**** RAW DATA
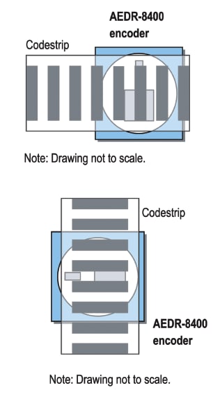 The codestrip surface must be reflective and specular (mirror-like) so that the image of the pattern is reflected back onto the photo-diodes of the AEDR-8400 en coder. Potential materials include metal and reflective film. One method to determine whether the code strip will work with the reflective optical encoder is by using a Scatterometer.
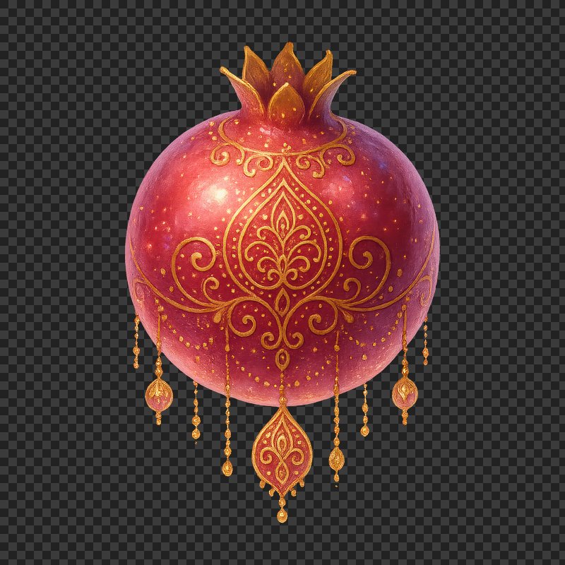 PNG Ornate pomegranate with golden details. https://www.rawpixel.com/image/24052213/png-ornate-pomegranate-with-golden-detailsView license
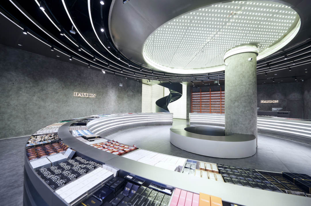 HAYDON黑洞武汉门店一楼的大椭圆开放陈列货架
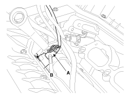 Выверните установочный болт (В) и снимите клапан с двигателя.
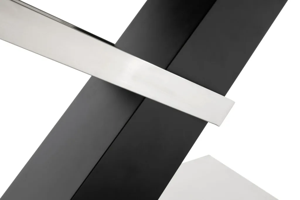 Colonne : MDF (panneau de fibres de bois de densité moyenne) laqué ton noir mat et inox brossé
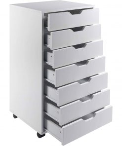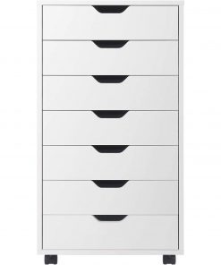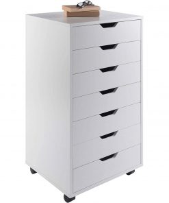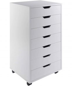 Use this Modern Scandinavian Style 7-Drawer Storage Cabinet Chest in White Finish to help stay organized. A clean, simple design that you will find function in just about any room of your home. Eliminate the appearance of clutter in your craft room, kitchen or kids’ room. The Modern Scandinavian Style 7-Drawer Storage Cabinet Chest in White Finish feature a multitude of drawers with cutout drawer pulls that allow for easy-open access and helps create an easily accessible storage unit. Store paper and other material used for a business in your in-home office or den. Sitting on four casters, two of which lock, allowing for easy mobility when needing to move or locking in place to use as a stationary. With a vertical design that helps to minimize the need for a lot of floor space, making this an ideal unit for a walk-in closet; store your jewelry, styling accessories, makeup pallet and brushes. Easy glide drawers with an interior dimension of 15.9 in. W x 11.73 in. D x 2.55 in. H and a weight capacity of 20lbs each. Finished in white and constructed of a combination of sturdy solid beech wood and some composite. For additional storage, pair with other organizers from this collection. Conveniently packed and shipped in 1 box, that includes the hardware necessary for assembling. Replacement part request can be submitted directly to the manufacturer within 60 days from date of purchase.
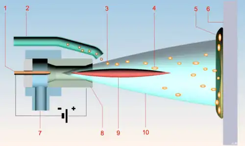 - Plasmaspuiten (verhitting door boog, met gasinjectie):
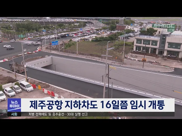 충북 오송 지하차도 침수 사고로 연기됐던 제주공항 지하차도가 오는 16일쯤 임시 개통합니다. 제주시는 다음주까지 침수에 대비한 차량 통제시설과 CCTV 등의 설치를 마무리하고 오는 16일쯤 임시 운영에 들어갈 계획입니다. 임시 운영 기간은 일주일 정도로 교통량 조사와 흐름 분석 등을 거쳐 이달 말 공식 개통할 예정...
********
Taking the records above, print only and exactly the lines from the line with "PNG Ornate pomegranate" to the line with "Colonne : MDF", both kept, and exclude pictures.

 PNG Ornate pomegranate with golden details. https://www.rawpixel.com/image/24052213/png-ornate-pomegranate-with-golden-detailsView license
 HAYDON黑洞武汉门店一楼的大椭圆开放陈列货架
 Выверните установочный болт (В) и снимите клапан с двигателя.
 Colonne : MDF (panneau de fibres de bois de densité moyenne) laqué ton noir mat et inox brossé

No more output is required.